[Input data]

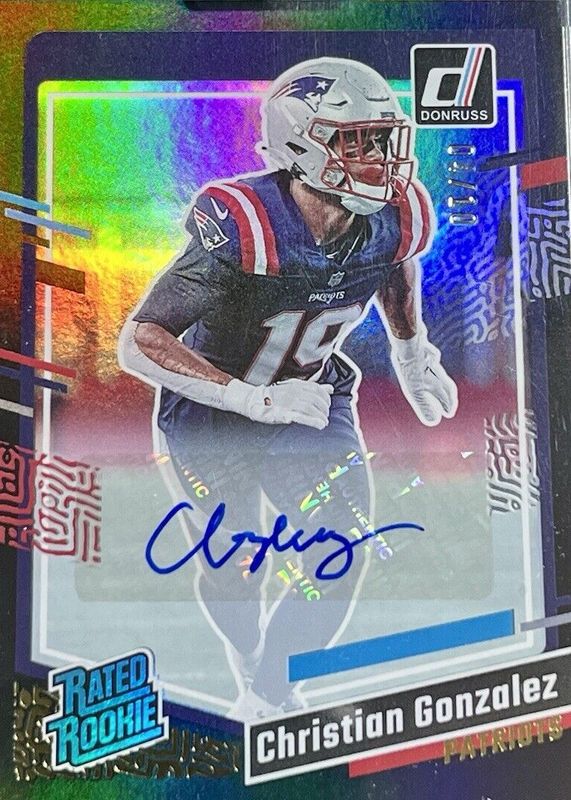 This card is 1 of 40 Christian Gonzalez's card variations in the 2023 Donruss set being tracked by Sports Card Investor, including Base, Aqueous Test, Canvas, Jersey Number (/19), and No Name.
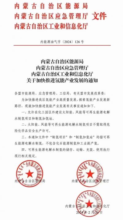 通知明確,允許在化工園區(qū)外建設(shè)太陽(yáng)能、風(fēng)能等可再生能源電解水制氫項(xiàng)目和制氫加氫站。太陽(yáng)能、風(fēng)能等可再生能源電解水制氫項(xiàng)目不需取得危險(xiǎn)化學(xué)品安全生產(chǎn)許可??稍偕茉措娊馑茪涞膬?chǔ)存、運(yùn)輸、充裝、使用執(zhí)行現(xiàn)行相關(guān)規(guī)定。
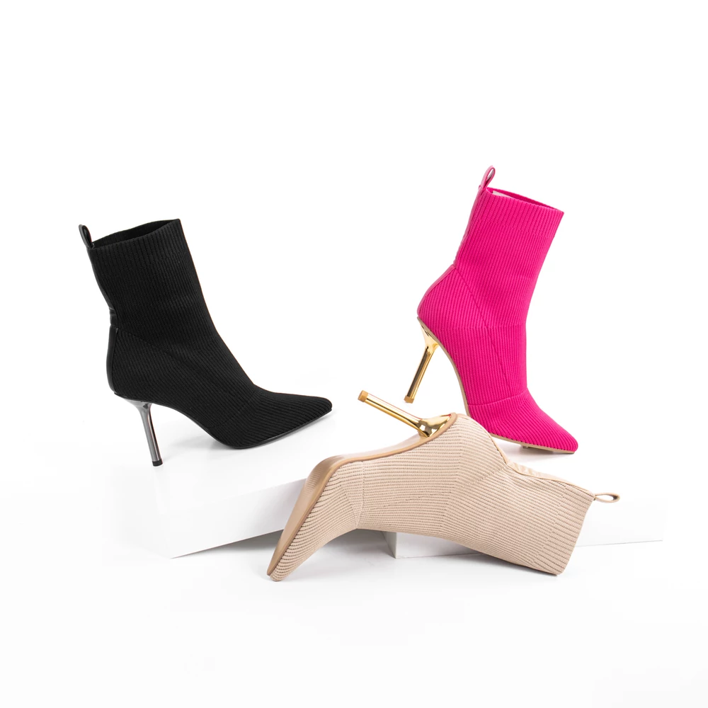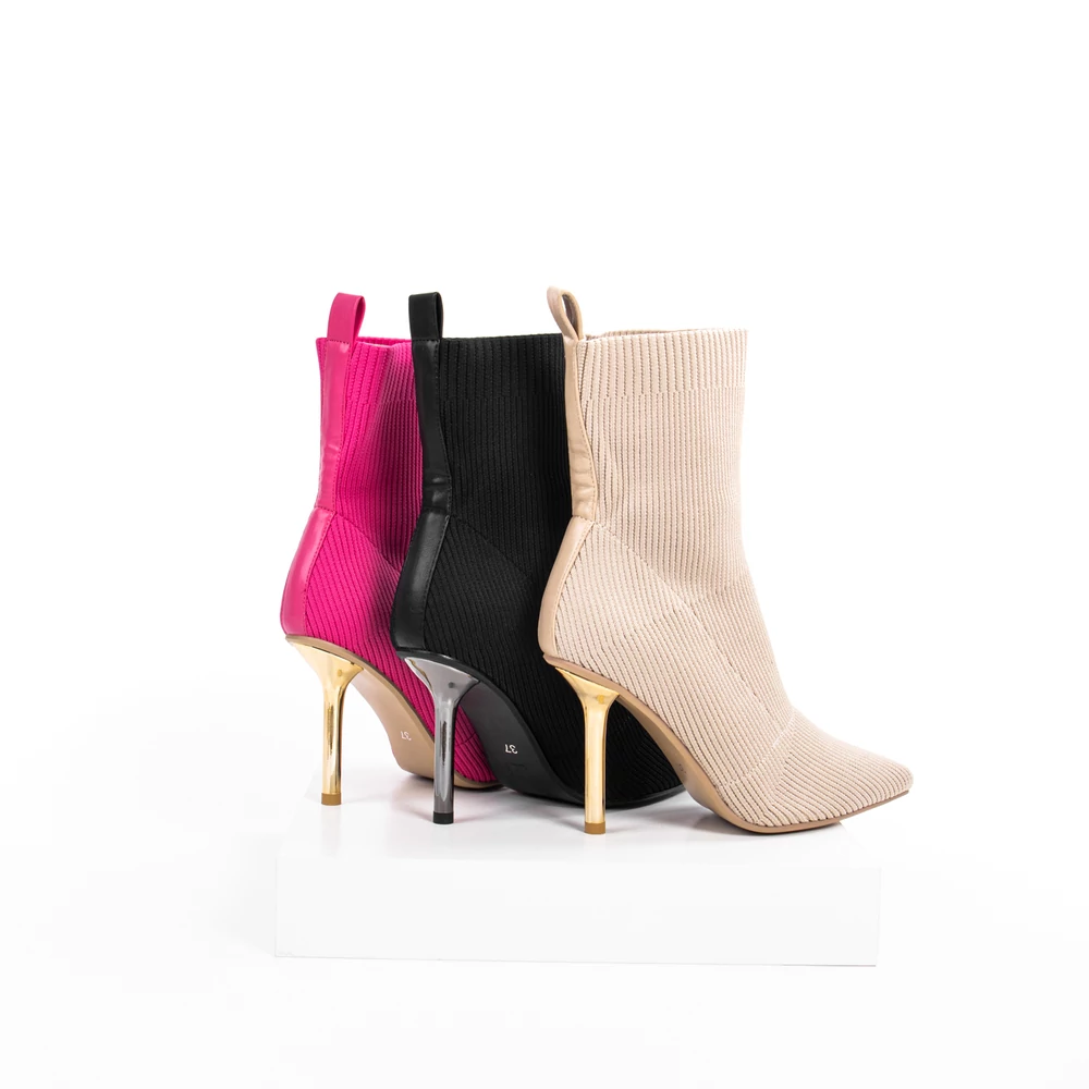Letisztult, elegáns, textil bokacsizma, amely tűsarkának köszönhetően igazán nőies darab.
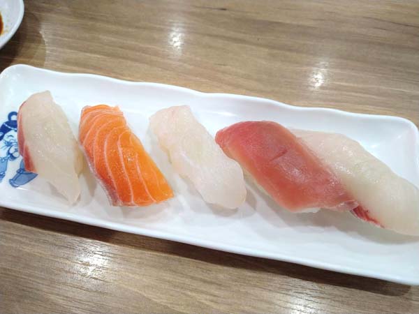 ヒラマサ、マグロ、ヒラメ、サーモン、タイの5種類が入っています。

[/Input data]

_Task objective_
Could you copy exactly, and with no pictures, the lines above from the one containing "Letisztult, elegáns, textil" through the last line, both included?

_Expected answer_
Letisztult, elegáns, textil bokacsizma, amely tűsarkának köszönhetően igazán nőies darab.
 ヒラマサ、マグロ、ヒラメ、サーモン、タイの5種類が入っています。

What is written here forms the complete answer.